In a phrase, “CYA” — cover your accommodations.  In the Hill case, there was apparently enough evidence for the jury to conclude that AADAP did not engage in the interactive process. Learn from its mistake, and save your company the $4.5 million payout by taking these steps:

Create a paper trail. As soon as an employee requests leave or accommodation, document it. Then, send some type of correspondence acknowledging its receipt to the employee who submitted the request.

Follow-up. It’s not enough to say that you received the request. Investigate. Ask questions. Request additional information about the impairment—within reason—to find out what the employee’s doctor says she can (or cannot) do.

Talk it out. This is not a one-sided conversation. Speak with the employee, and get his feedback and suggestions on how you can accommodate his needs while also ensuring that your business productivity and continuity is preserved. Involve the employee’s doctor or your company doctor as appropriate. Keep an open mind about what accommodations may work (and don’t forget that the EEOC thinks–and some courts agree–that leave is a reasonable accommodation).

Create (another) paper trail. After you confer with the employee, send another correspondence outlining what you discussed, whether you reached a viable solution, and what action steps you both have to take going forward. Don’t reach the end of the process until you are sure there is no reasonable accommodation.
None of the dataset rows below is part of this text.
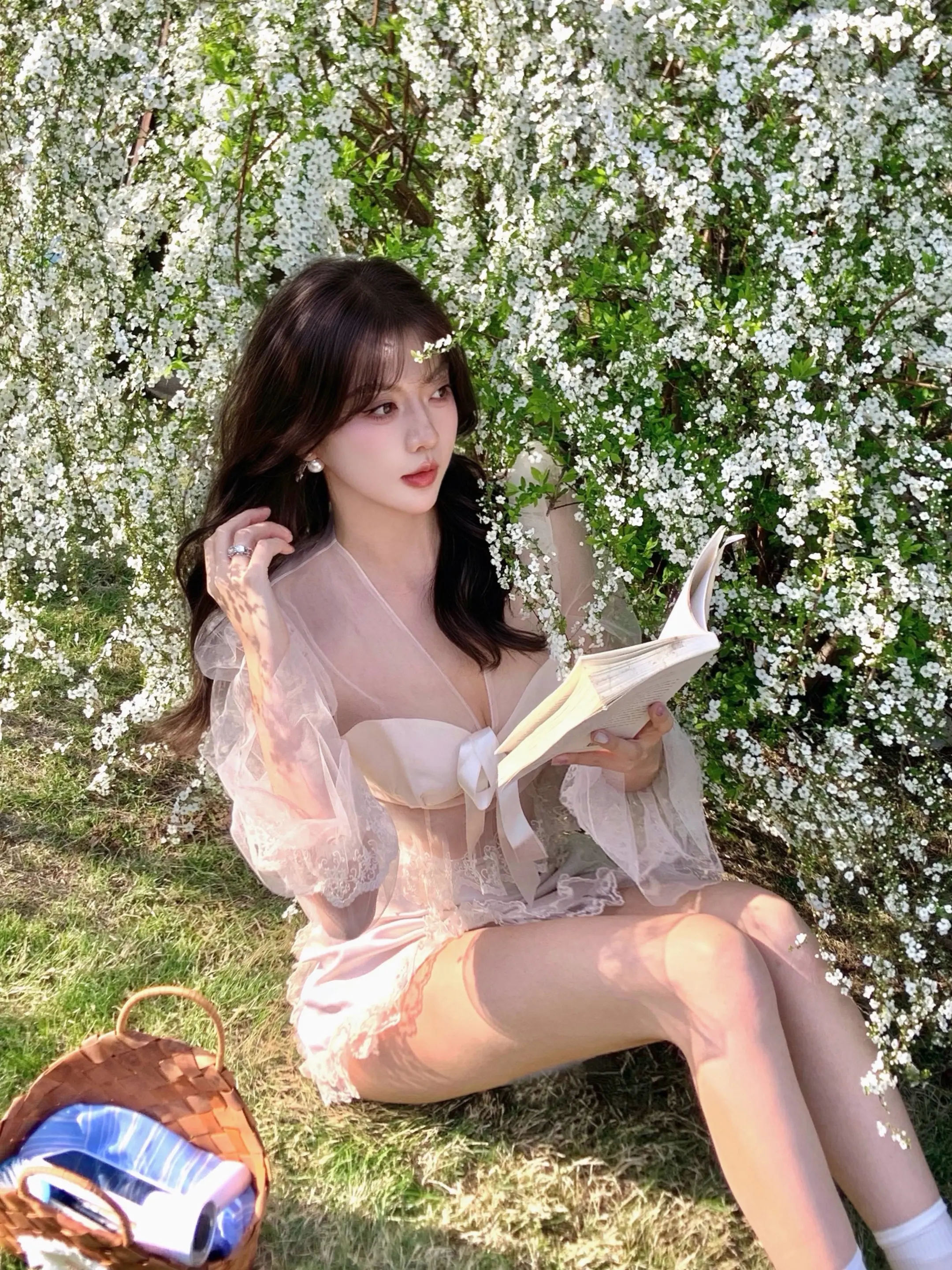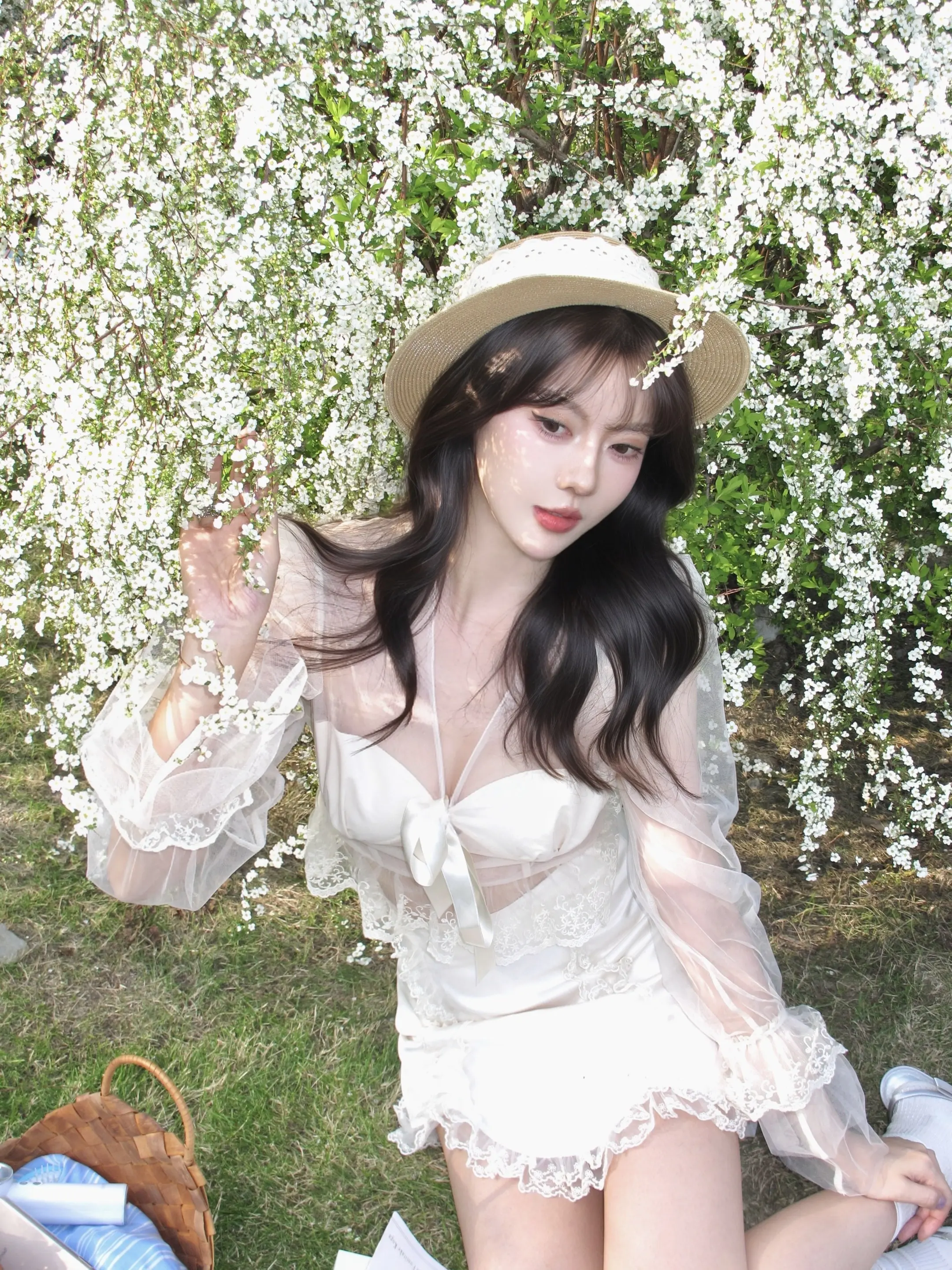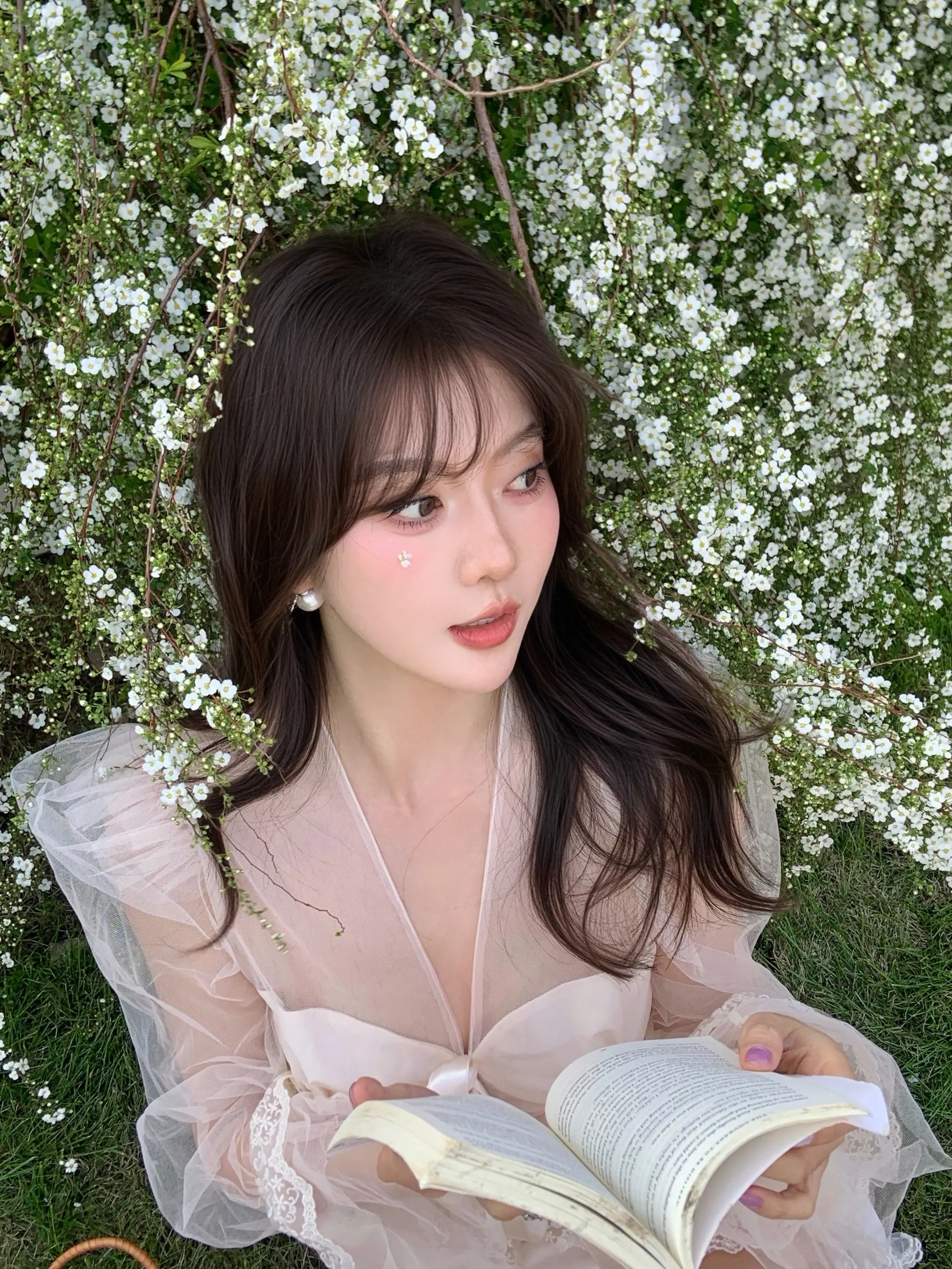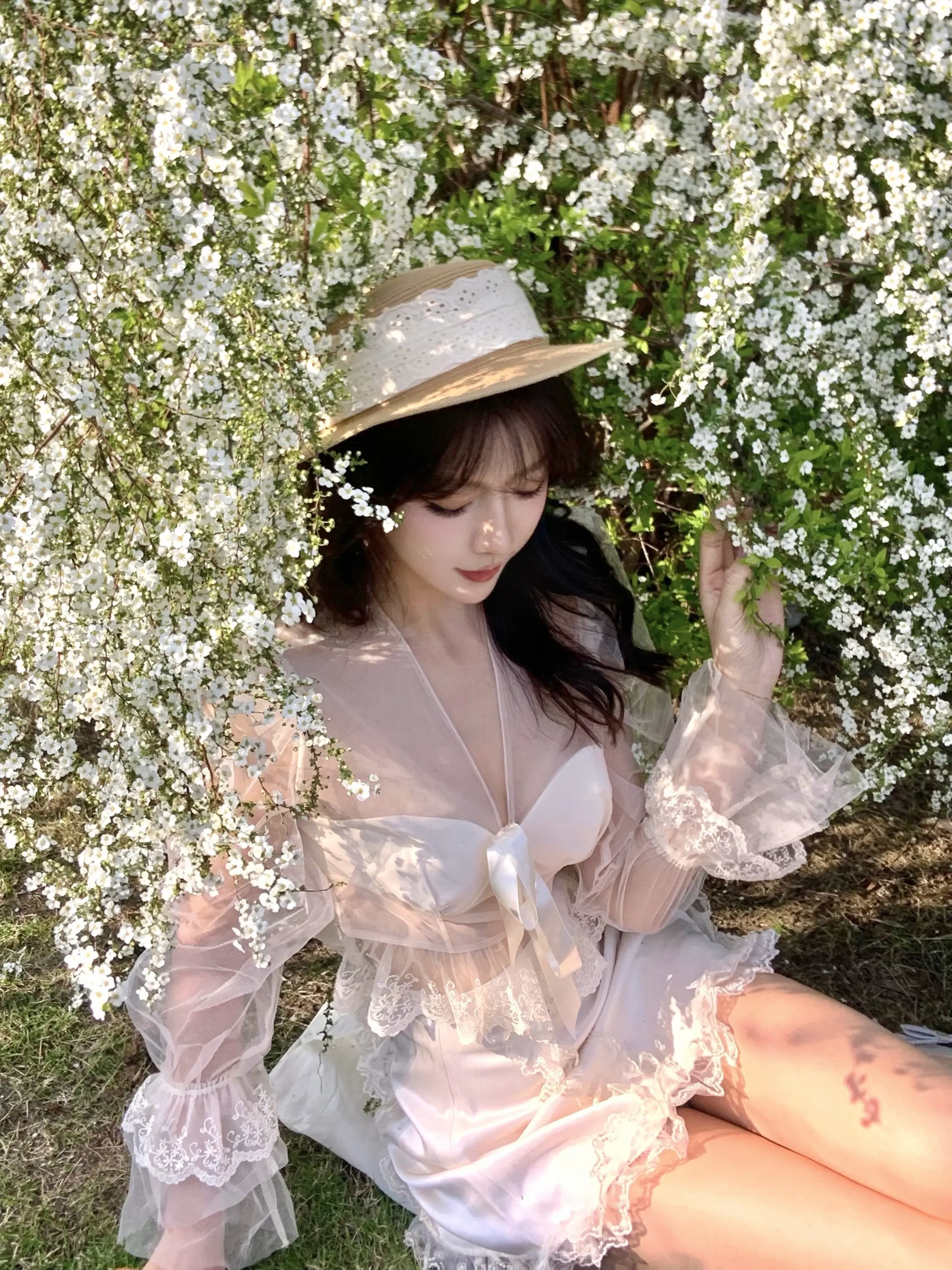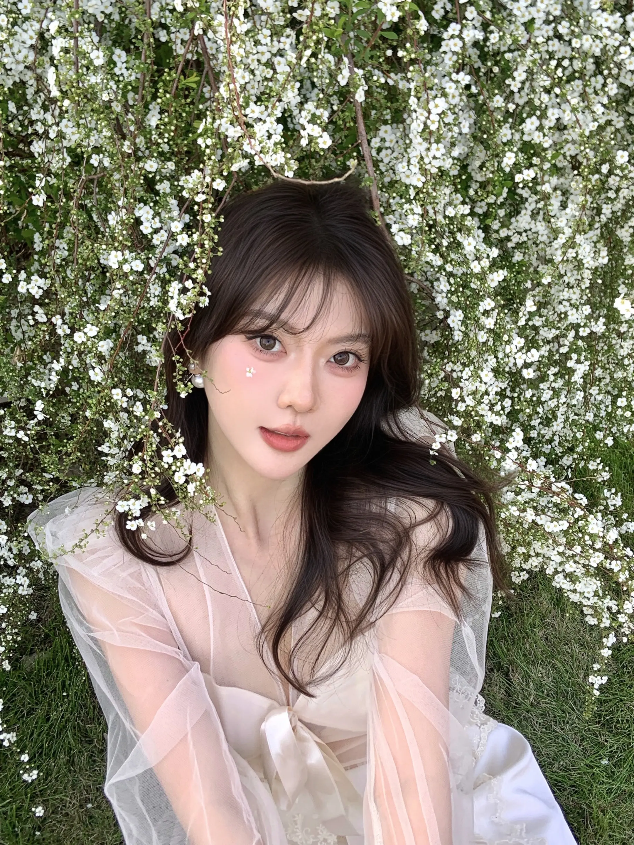 轮到我拍花花啦💐。薄纱上衣自带氛围感 超温油der 和雪柳合照啦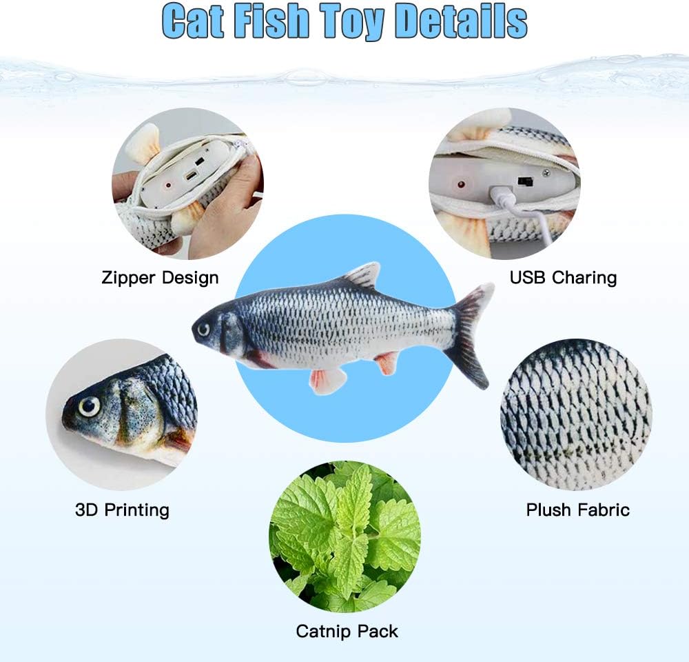 • 【Automatic Moving Fish Cat Toy】When your cat touches this wagging fish toy, the built-in sensor starts to vibrate the fishtail so that it wiggles like a live fish. Which will encourage your cat to kick and play.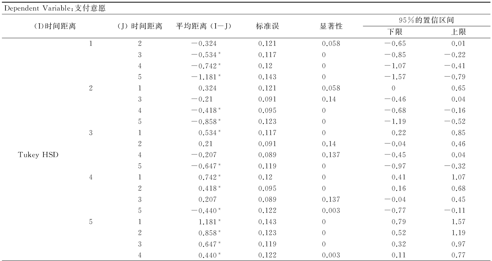 为了进一步观察不同心理距离下被测者支付意愿的差异,研究进行了多重比较。首先进行levene检验,检验数据是否具有齐性方差,如表10所示,如果通过了方差齐性检验,则选用Turkey法对不同时间距离下的投资者支付意愿进行多重比较。
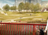 Parking garage access portals are integrated into the park and landscape. Playful mounds and thoughtfully placed shade trees will complement the Edgeley Pond and Park design to create a seamless integrated landscape. The park will be a destination for the Vaughan Metropolitan Centre and by residents of the new adjacent five-tower Expo City development.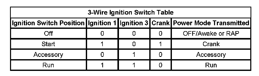 On vehicles that have several control modules connected by serial data circuits, one module is the power mode master (PMM). On this vehicle, the PMM is the body control module (BCM). The PMM receives 3 discrete ignition switch signals to differentiate which power mode will be sent over the Serial Data circuits. The table below illustrates the state of these inputs in correspondence to the ignition switch position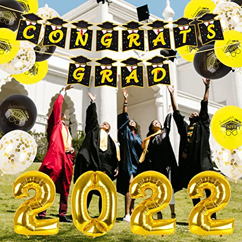 Decorazioni di Laurea Banner di Laurea 2022 Palloncini per feste di laurea Decorazioni per la laurea nere e dorate Congratulazioni Banner per laurea 2022 Palloncino Laurea Congratulazioni Palloncini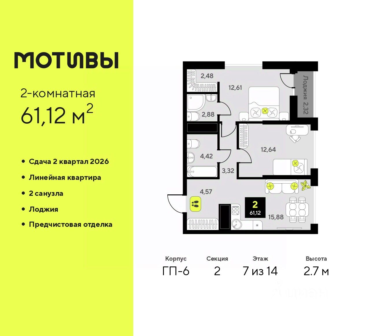 2-комн. квартира от застройщика с предчистовой отделкой в ЖК "Мотивы" на 7 этаже. Общая площадь: 61.12 кв.м., жилая: 25.25 кв.м., площадь просторной кухни-столовой: 15.88 кв.м. Комнаты изолированные, все окна выходят на одну сторону. В квартире одна лоджия, два совмещенных санузла. Высота потолков 2.7 м.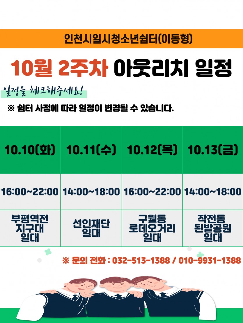 10월 2주차 아웃리치 일정 공지 최고관리자 공지 2 2234 2023.10.10 10:49 저희 인천시일시청소년쉼터(이동형) 10월 2주차 아웃리치 일정입니다 !!^_^*많은 관심과 참여 부탁드립니다!!^^❤️9세 ~ 24세 청소년이라면 누구나 무료로 이용가능해요❤️⠀고민이 있거나 상담을 받고 싶은 친구들이 있다면 언제든지 인천시일시청소년쉼터(이동형)로 오세요❗저희는 언제나 청소년 여러분들을 기다리고 있답니다!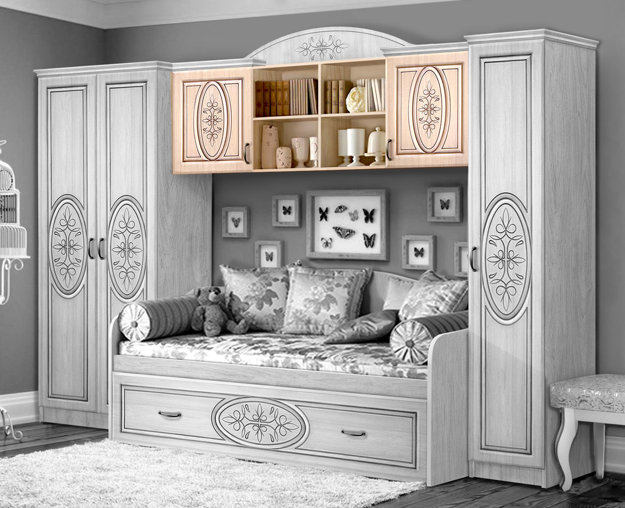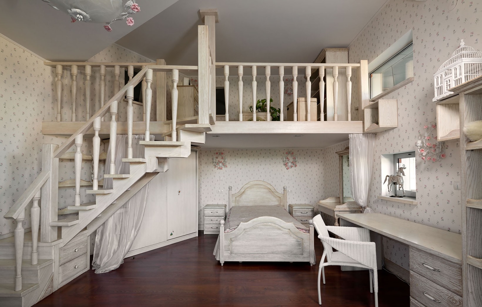 Mezanino organizado em segurança criança pode servir não apenas para armazenar coisas. Outra aplicação é a organização da cama de uma criança sob o teto. O design deve ser muito confiável e durável, com uma margem para suportar o peso da criança.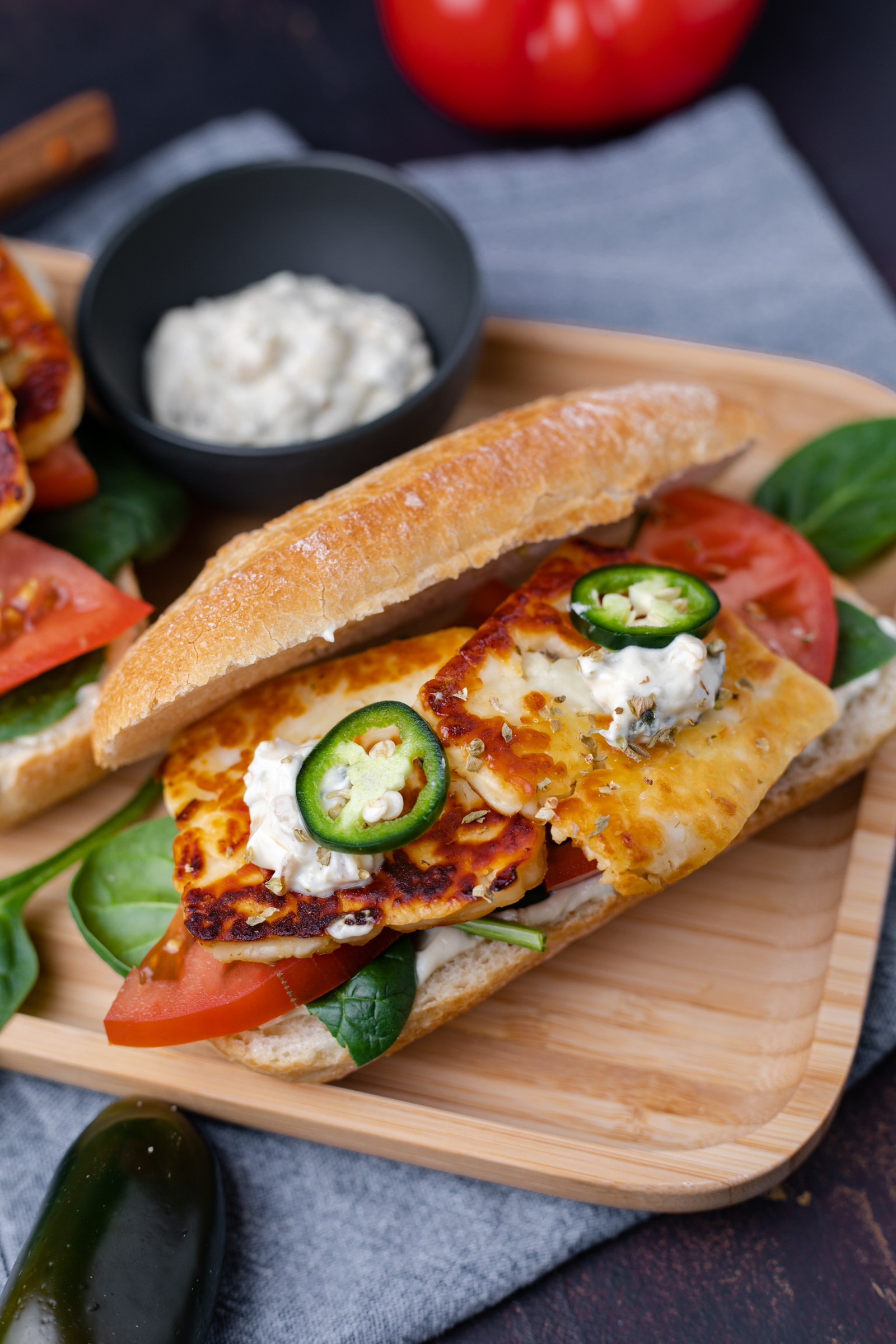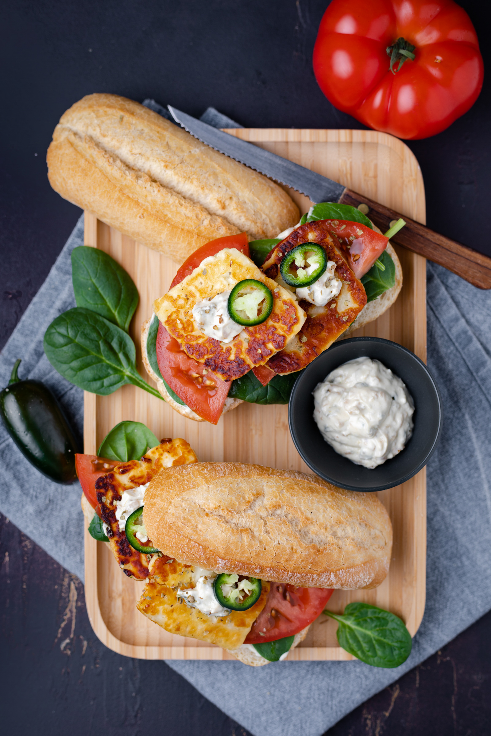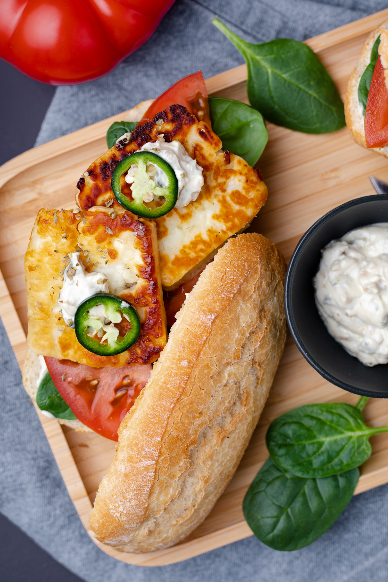 - Snijd de afgebakken pistolets open en besmeer de onderste helft licht met de jalapeño-sjalotspread. Leg daarop wat blaadjes spinazie en plakjes tomaat. Hierop komen 2 plakken van de gebakken halloumi en naar smaak nog wat lepeltjes van de spread. Strooi er als laatste nog wat gedroogde oregano over en daarna kun je lekker lunchen.

The duty of accommodation is continuing; it doesn’t stop after the first request or the first meeting. Each employee and her circumstances will present unique sets of problems that require constant vigilance, attention, and awareness on the employer’s behalf.

DISCLAIMER: Because of the generality of this update, the information provided herein may not be applicable in all situations and should not be acted upon without specific legal advice based on particular situations.